HIBP (haveibeenpwned.com) is a well-known website which allows people to check if any of their online accounts have been compromised in previous data breaches. You provide an email address and it will tell you in which data breaches this email address has been found (Figure 1).
Nice and easy, right? There are two major issues with this service.
HIBP Does Not Tell You Which Password Was Pwned
To be safe, HIBP only stores the meta data of breached databases at its server side, but not the content of them. As a result, it cannot tell details of the breached data even if users need them. The most important piece of such details is the specific password found in the data breaches. This is because people often have several passwords and 80% of them reuse passwords across different services. Knowledge of the specific password can help a user recognize which piece of his/her passwords has been leaked so that he/she can reset passwords for those accounts that are still using it. The need for this information is huge. As an evidence, Figure 2 shows several comments in blog articles of Troy Hunt (HIBP developer) to ask for such access.
HIBP exposes account registration list of a victim website to attackers
HIBP has a security weakness in its core service. Specifically, any visitors of HIBP can see whether an email address has been used to register an account in a breached source. This is because the source of a breach often tells whether a registered account exists in that source or not. For example, from Figure 1 we can tell that the test email address has a registered account on LinkedIn because HIBP tells it appeared in LinkedIn data breach.

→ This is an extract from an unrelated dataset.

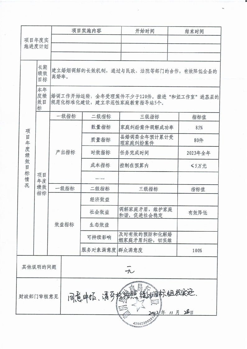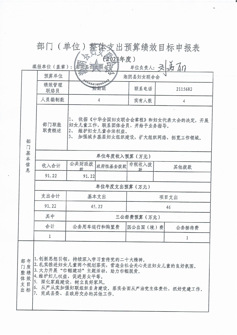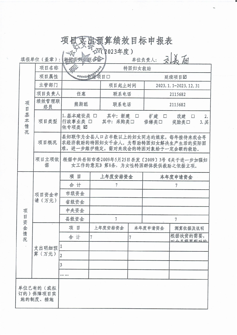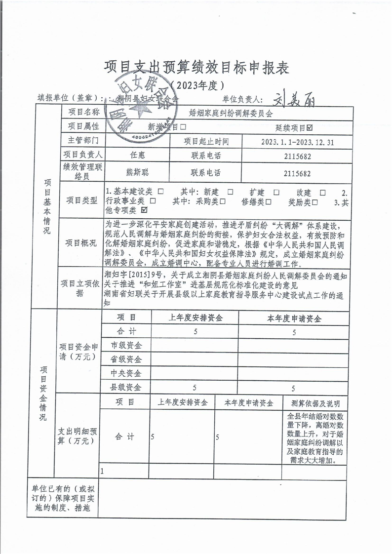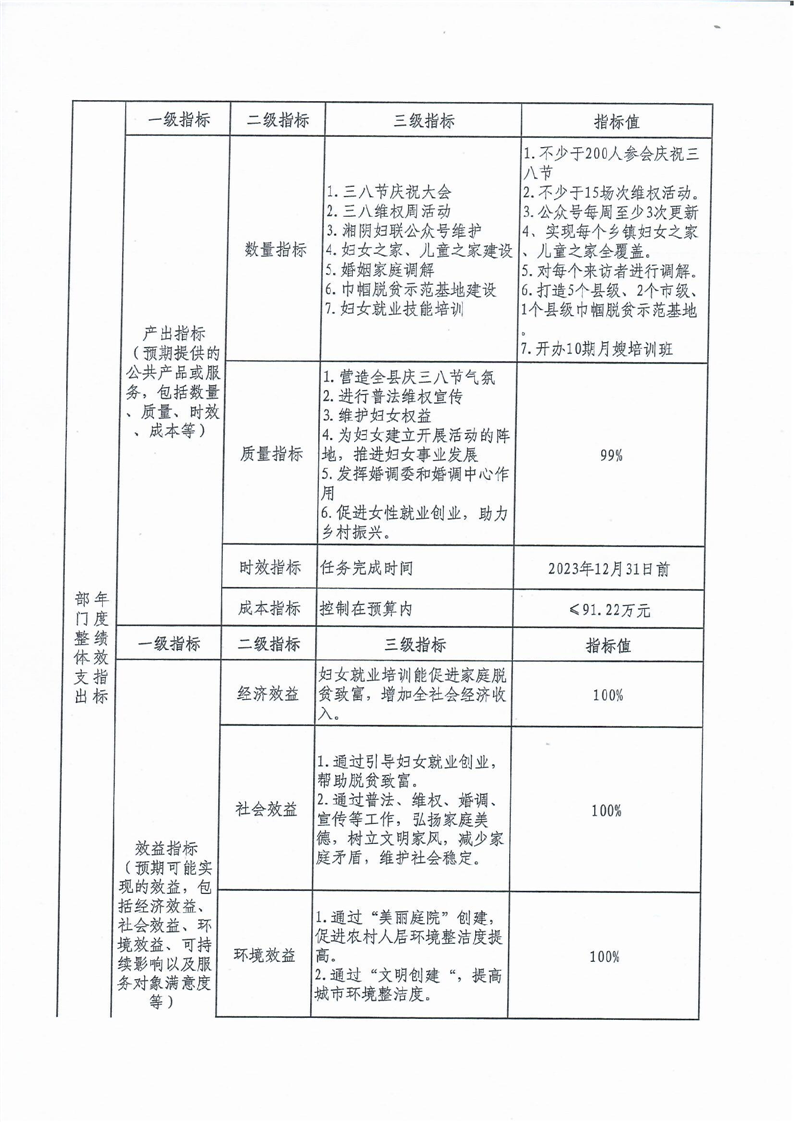 2023年度湘阴县妇女联合会项目支出预算绩效目标申报表

This information can be leveraged by attackers to launch account takeover attacks against the victim website and its users. For example, a bad guy who possessed 10 million credentials (email and password combo) from other sites can use the email addresses to check HIBP and find that 10k of such emails have an account on LinkedIn. Then the bad guy can get the passwords for the 10k emails and launch account takeovers against LinkedIn. HIBP makes the attacker’s job easier because without HIBP the attacker will have to interact with LinkedIn website with 10 million credentials instead of 10k.
This information is so valuable for attackers that it has been sold on the dark web. Figure 3 shows a few examples of such items available on dark web markets. For example, the first one is a list of 71,243 email addresses which have registered accounts on a government website and the fourth one is a list of over 8 million email addresses with registered accounts at a movie website.

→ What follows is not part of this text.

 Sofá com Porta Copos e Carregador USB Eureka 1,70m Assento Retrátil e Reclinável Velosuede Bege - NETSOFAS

Why MyVC is a better choice
MyVC (my.vericlouds.com) is a FREE service which also allows checking for data breaches with an email address. The major difference is that instead of telling the data sources, it provides the leaked passwords through private email for verification. Specifically, in a public search, MyVC tells how many leaked passwords have been found from data breaches. Then you simply click on the Email button to receive the leaked passwords from email (Figure 4).
Figure 5 shows a sample email from MyVC. You can see the privacy of the passwords is protected with masking: all characters of each password are replaced with * except the first and last one. This privacy design helps the owner of a leaked password easily recognize it while preventing bad guys from knowing it.
In addition, because MyVC does not tell the sources of data breaches, the security weakness that HIBP has does not exist anymore, i.e., bad guys will not be able to obtain an account list for a victim website from MyVC.
HIBP has been a good service which has helped people and organizations understand the risk of data breaches associated with them with a simple search. However, its value has been limited due to its inability to correlate compromised credentials with identity context. In addition, its exposure of breached sources results in the unwanted side effect of leaking account registration information of victim websites. MyVC delivers leaked passwords in masked format through private emails with no source information.